*TASK REQUIREMENTS*: Make a verbatim copy of the records; pictures stay out.

*INFORMATION SHOWN*:
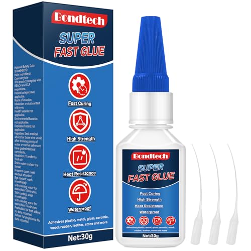 30g Superglue, Super Glue All Purpose for Accurate Repairs, Instant Strong Glue with Anti Clog Cap and Droppers, Superglue for Plastic, Metal, Glass, Wood, Ceramic and DIY (30g)
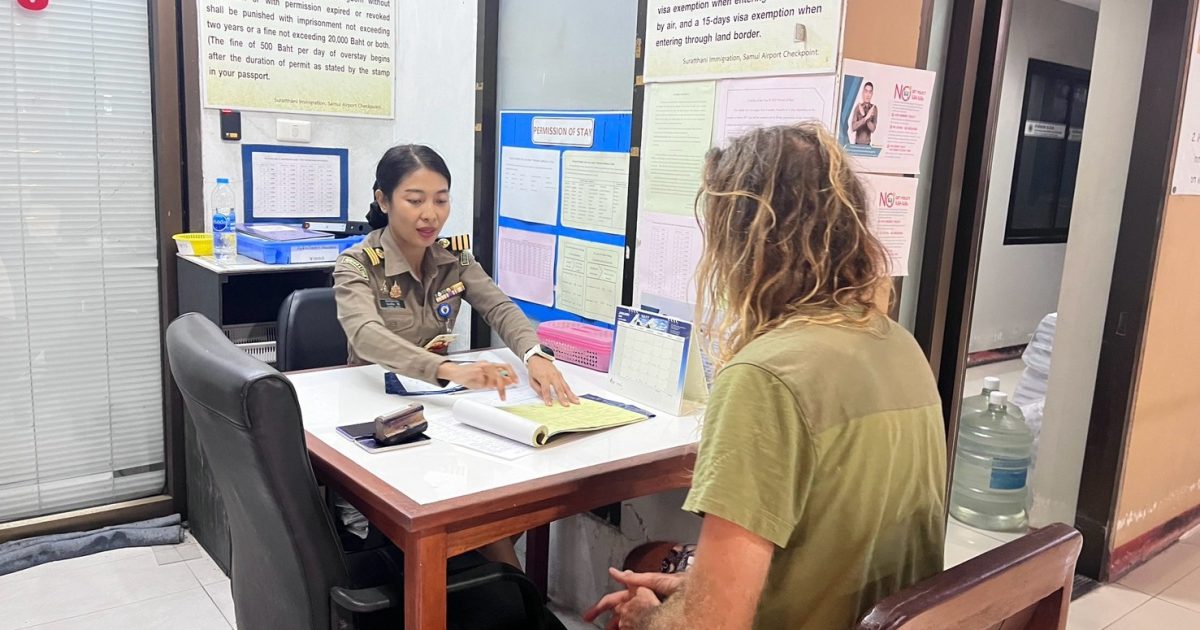 วันที่ 26 มี.ค.68 ร.ต.อ.ธฤติพัฒน์ สมมะลวน รอง สว.ตม.จว.สุราษฎร์ธานี ,ร.ต.อ.หญิง ภาวดี หวานทอง ,ร.ต.อ.หญิง จันทร์จิรา วิถี พร้อมด้วยเจ้าหน้าที่ ตม.จว.สุราษฎร์ธานี (ทอ.สมุย) ปฏิบัติหน้าที่ตรวจบุคคลและพาหนะทางอากาศ, Overstay, Visa on arrival พร้อมดูแล ช่วยเหลือ อำนวยความสะดวกและความเรียบร้อยในแถวระหว่างรอเข้าใช้บริการให้กับผู้โดยสารที่เดินทางเข้า-ออก ทางอากาศในเขตพื้นที่รับผิดชอบประจำสนามบินสมุย อ.เกาะสมุย จว.สุราษฎร์ธานี
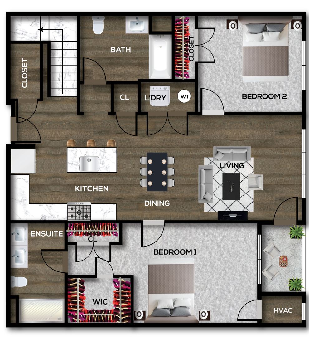 Indulge in the charm of our "Alpine" layout, a spacious 2-bedroom, 2-bathroom apartment with a loft, boasting 1400 sq ft of meticulously designed living space. This enchanting unit features stainless steel appliances, in-unit laundry, and a private balcony. The kitchen island, pantry, and numerous in-room closets offer convenient storage solutions. Discover the allure of Alpine living at HH Bath View Apartments, where every detail reflects sophistication and comfort.
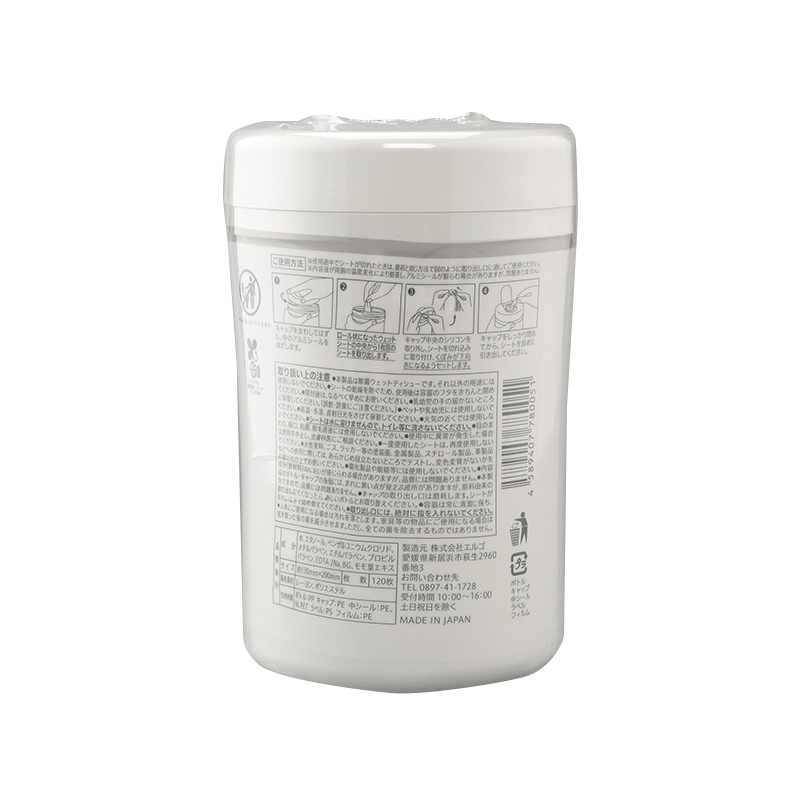 除菌ができるボトルタイプのウェットティシュー本体。
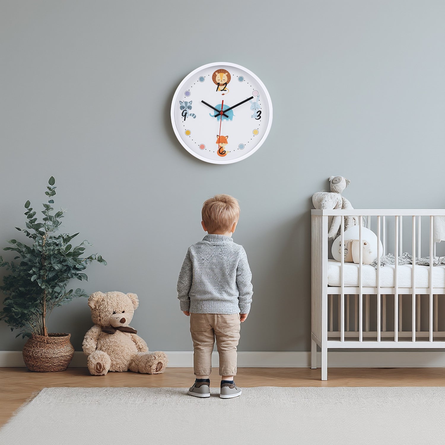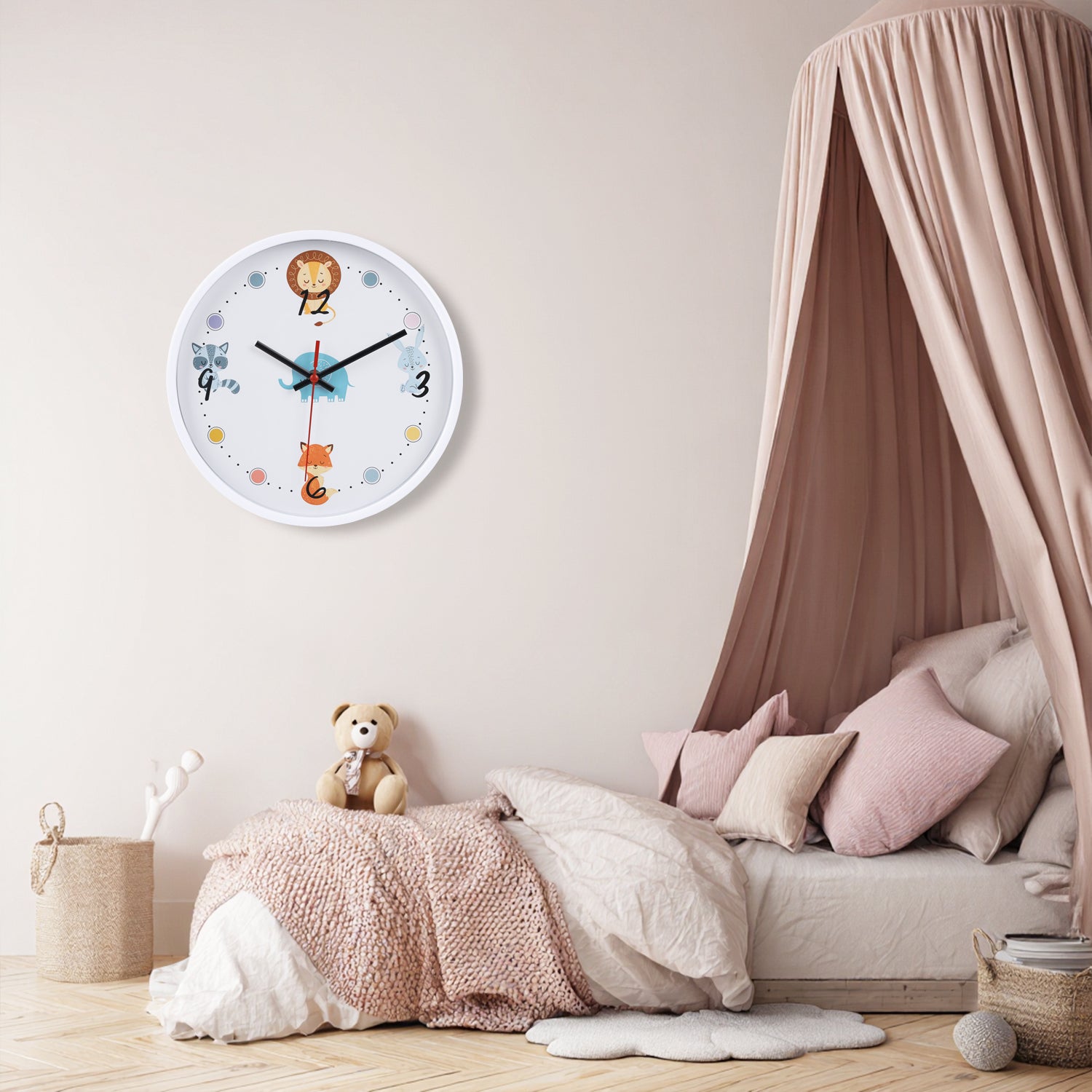 Kids Room Wall Clock Animal Theme - Playful Room Decor (25cm diameter)
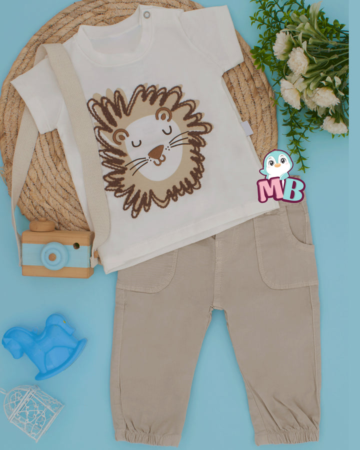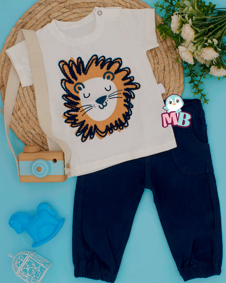Este hermoso set de camiseta con estampado de leoncito y pantalón es perfecto para que tu peque luzca cómodo, fresco y con mucho estilo.

*OUTPUT FOR THIS TASK*:
 30g Superglue, Super Glue All Purpose for Accurate Repairs, Instant Strong Glue with Anti Clog Cap and Droppers, Superglue for Plastic, Metal, Glass, Wood, Ceramic and DIY (30g)
 วันที่ 26 มี.ค.68 ร.ต.อ.ธฤติพัฒน์ สมมะลวน รอง สว.ตม.จว.สุราษฎร์ธานี ,ร.ต.อ.หญิง ภาวดี หวานทอง ,ร.ต.อ.หญิง จันทร์จิรา วิถี พร้อมด้วยเจ้าหน้าที่ ตม.จว.สุราษฎร์ธานี (ทอ.สมุย) ปฏิบัติหน้าที่ตรวจบุคคลและพาหนะทางอากาศ, Overstay, Visa on arrival พร้อมดูแล ช่วยเหลือ อำนวยความสะดวกและความเรียบร้อยในแถวระหว่างรอเข้าใช้บริการให้กับผู้โดยสารที่เดินทางเข้า-ออก ทางอากาศในเขตพื้นที่รับผิดชอบประจำสนามบินสมุย อ.เกาะสมุย จว.สุราษฎร์ธานี
 Indulge in the charm of our "Alpine" layout, a spacious 2-bedroom, 2-bathroom apartment with a loft, boasting 1400 sq ft of meticulously designed living space. This enchanting unit features stainless steel appliances, in-unit laundry, and a private balcony. The kitchen island, pantry, and numerous in-room closets offer convenient storage solutions. Discover the allure of Alpine living at HH Bath View Apartments, where every detail reflects sophistication and comfort.
 除菌ができるボトルタイプのウェットティシュー本体。
 Kids Room Wall Clock Animal Theme - Playful Room Decor (25cm diameter)
Este hermoso set de camiseta con estampado de leoncito y pantalón es perfecto para que tu peque luzca cómodo, fresco y con mucho estilo.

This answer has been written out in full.